Tanner lit a cigarette.
"Give me a cigarette?" she said.
He passed her the one he had lighted, lit himself another. As he handed it to her, her eyes rested on his tattoo.
"What's that?"
"My name."
"Hell?"
"Hell."
"Where'd you get a name like that?"
"From my old man."
They smoked awhile, then she said, "Why'd you run the Alley?"
"Because it was the only way I could get them to turn me loose."
"From where?"
"The place with horizontal venetian blinds. I was doing time."
"They let you go? Why?"
"Because of the big sick. I'm bringing in Haffikine antiserum."
"You're Hell Tanner."
"Huh?"
"Your last name's Tanner, ain't it?"
"That's right. Who told you?"
"I heard about you. Everybody thought you died in the Big Raid."
"They were wrong."
"What was it like?"
"I dunno. I was already wearing a zebra suit. That's why I'm still around."
"Why'd you pick me up?"
"Cause you're a chick, and cause I didn't want to see you croak."
"Thanks.
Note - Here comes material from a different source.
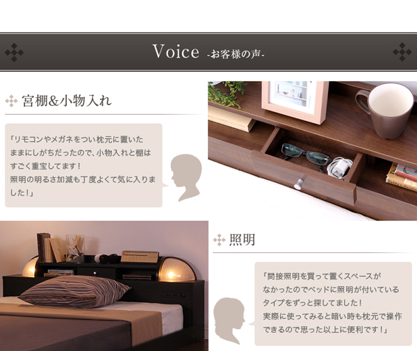 - 照明 宮付き すのこベッド 【シングル フレームのみ ウォールナット】 二口コンセント
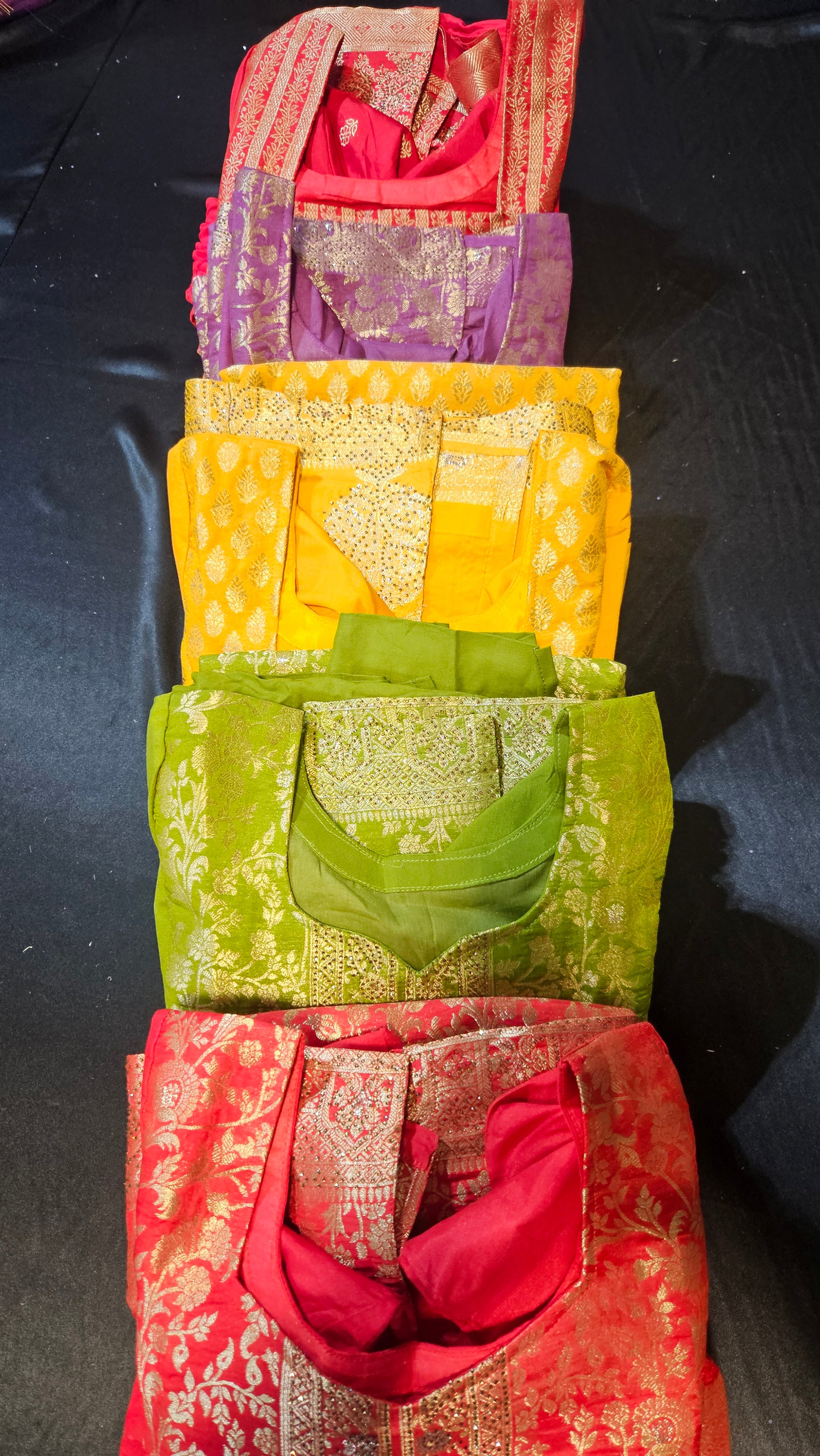 Elevate your wardrobe with this show-stopping Red and gold suit set that's ready to turn heads! Crafted from luxurious banarasi silk adorned with shimmering golden zari embroidery, the top pairs beautifully with soft rayon palazzo pants and a matching golden jari duppatta.

You got anything to eat in here?"
"Yeah, there's food in there." He pointed to the refrig erator door. "Help yourself."
She did, and as she ate, Tanner asked her, "What do they call you?"
"Corny," she said. "It's short for Cornelia."
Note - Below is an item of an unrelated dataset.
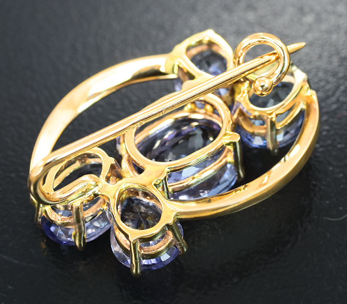 Вашему вниманию предлагается брошь/кулон из желтого золота 585 пробы с танзанитами и бриллиантами! Диаметр дополнительной инкрустации 1,1 мм. Площадка 27 х 21 мм. Вес изделия 5,8 г. Ниже приводятся ювелирные характеристики вставок.
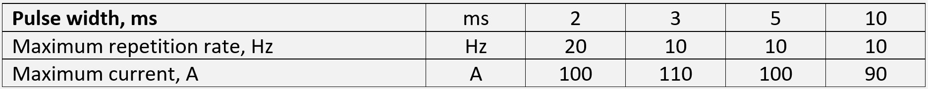 * Calculated for standard operation mode: pulse duration 10 ms, repetition rate 10 Hz, current 110 A.

"Okay, Corny," he said. "When you're finished eating, you start telling me about the road between here and the place."
She nodded, chewed, and swallowed. Then, "There's lots of other gangs," she said. "So you'd better be ready to blast them."
"I am."
"Those screens show you all directions, huh?"
"That's right."
"Good. The roads are pretty much okay from here on in. There's one big crater you'll come to soon, and a coupie little volcanoes afterward."
"Check."
"Outside of them there's nothing to worry about but the Regents and the Devils and the Kings and the Lovers. That's about it."
Tanner nodded. "How big are those clubs?"
"I don't know for sure, but the Kings are the biggest. They've got a coupla hundred."
"What was your club?"
"The Studs."
"What are you going to do now?"
"Whatever you tell me."
"Okay, Corny. I'll let you off anywhere along the way that you want me to. If you don't want, you can come on into the city with me."
"You call it, Hell. Anywhere you want to go, I'll go along."
Her voice was deep. and her words came slowly, and her tone sandpapered his eardrums just a bit. She had long legs and heavy thighs beneath the tight denim. Tanner licked his lips and studied the screens. Did he want to keep her around for a while?
The road was suddenly wet. It was covered with hundreds of fishes, and more were falling from the sky. There followed several loud reports from overhead. The blue light began in the north.
Tanner raced on, and suddenly there was water all about him. It fell upon his car, it dimmed his screens. The sky had grown black again, and the banshee wail sounded above him.
He skidded around a sharp curve in the road. He turned up his lights.
The rain ceased, but the wailing continued. He ran for fifteen minutes before it built up into a roar.
The girl stared at the screens and occasionally glanced at Tanner. "What're you going to do?" she finally asked him.
"Outrun it, if I can," he said.
"It's dark for as far ahead as I can see. I don't think you can do it."
"Neither do I, but what does that leave?"
"Hole up someplace."
"If you know where, you show me."
"There's a place a few miles farther ahead, a bridge you can get under."
"Okay, that's for us. Sing out when you see it."
She pulled off her boots and rubbed her feet. He gave her another cigarette.
"Hey, Corny, I just thought, there's a medicine chest over there to your right… Yeah, that's it. it should have some damn kind of salve in it you can smear on your face to take the bite out."
She found a tube of something and rubbed some of it into her cheek, smiled slightly, and replaced it.
"Feel any better?"
"Yes. Thanks."
The stones began to fall, the blue to spread. The sky pulsed, grew brighter.